Recorded information START

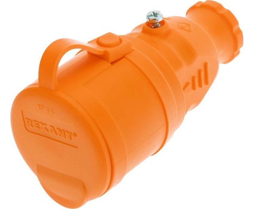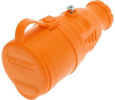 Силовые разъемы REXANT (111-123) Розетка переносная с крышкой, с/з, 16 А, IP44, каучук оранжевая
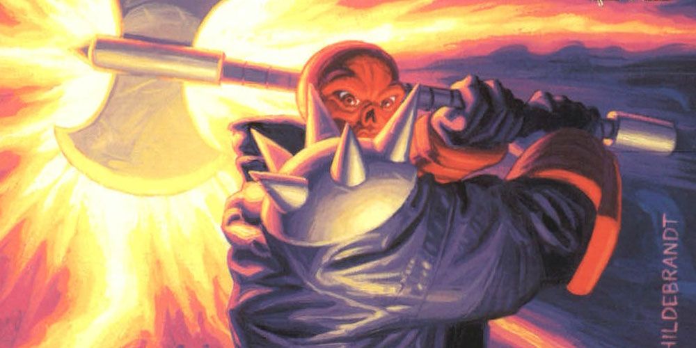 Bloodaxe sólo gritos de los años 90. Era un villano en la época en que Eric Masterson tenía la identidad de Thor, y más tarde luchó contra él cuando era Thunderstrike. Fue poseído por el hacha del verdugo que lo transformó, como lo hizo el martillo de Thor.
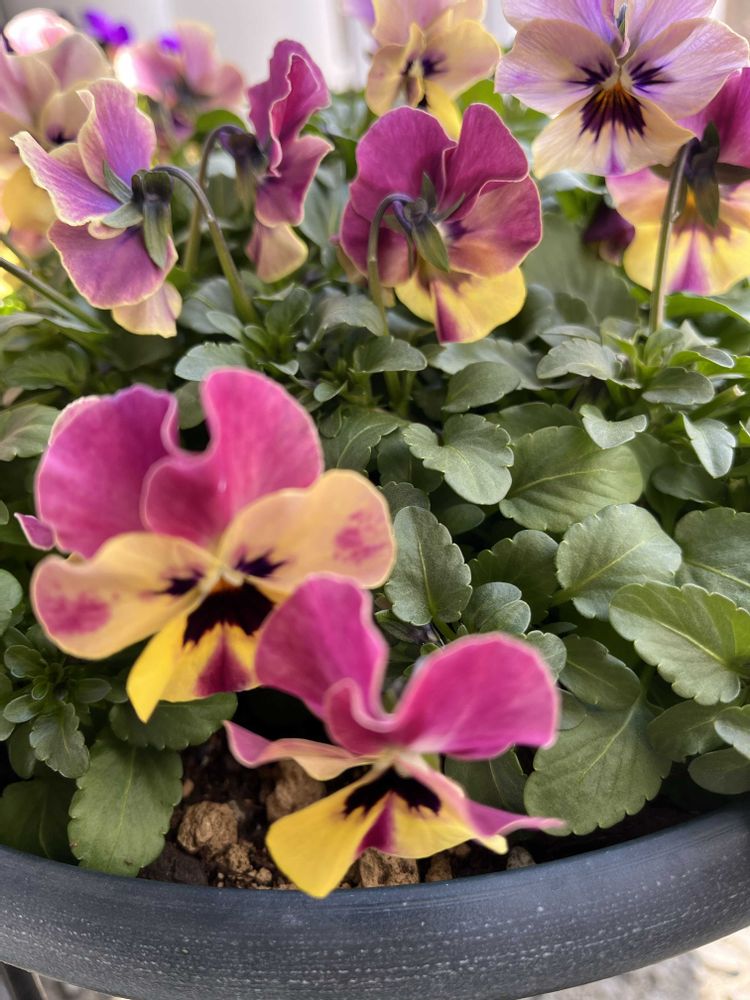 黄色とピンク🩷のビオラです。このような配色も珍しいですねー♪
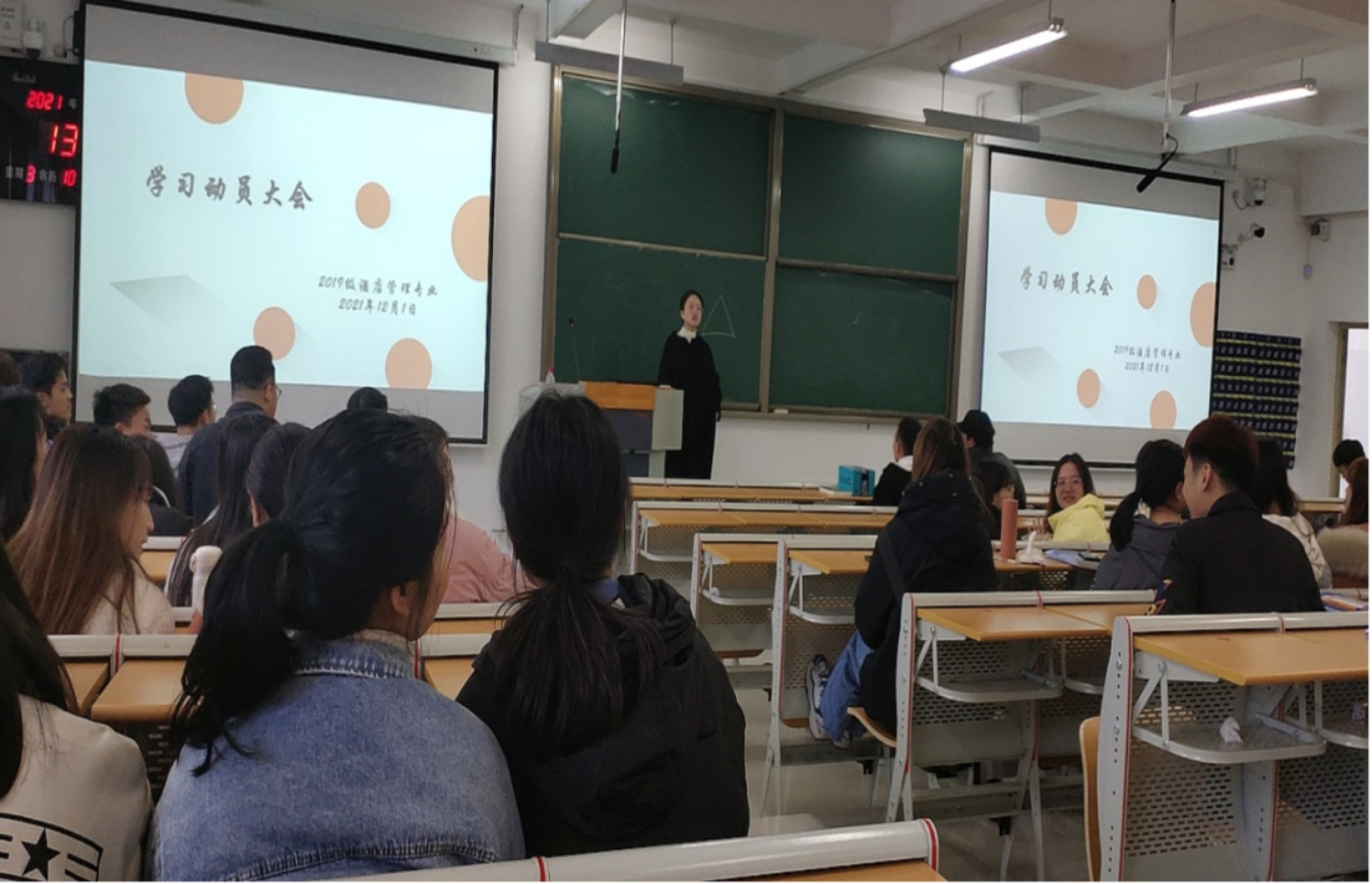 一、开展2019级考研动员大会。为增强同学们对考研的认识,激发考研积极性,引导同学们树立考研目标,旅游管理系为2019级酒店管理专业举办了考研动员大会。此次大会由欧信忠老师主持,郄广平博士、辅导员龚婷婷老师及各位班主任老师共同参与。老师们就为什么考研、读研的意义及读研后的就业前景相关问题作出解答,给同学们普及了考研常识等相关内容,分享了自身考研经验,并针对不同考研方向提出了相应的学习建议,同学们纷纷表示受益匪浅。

Recorded information END

_Your assignment_: Beginning with the line containing "Bloodaxe sólo gritos" and ending with the last line of the data, output those lines exactly and nothing more. Omit every picture.

_Response below_:
 Bloodaxe sólo gritos de los años 90. Era un villano en la época en que Eric Masterson tenía la identidad de Thor, y más tarde luchó contra él cuando era Thunderstrike. Fue poseído por el hacha del verdugo que lo transformó, como lo hizo el martillo de Thor.
 黄色とピンク🩷のビオラです。このような配色も珍しいですねー♪
 一、开展2019级考研动员大会。为增强同学们对考研的认识,激发考研积极性,引导同学们树立考研目标,旅游管理系为2019级酒店管理专业举办了考研动员大会。此次大会由欧信忠老师主持,郄广平博士、辅导员龚婷婷老师及各位班主任老师共同参与。老师们就为什么考研、读研的意义及读研后的就业前景相关问题作出解答,给同学们普及了考研常识等相关内容,分享了自身考研经验,并针对不同考研方向提出了相应的学习建议,同学们纷纷表示受益匪浅。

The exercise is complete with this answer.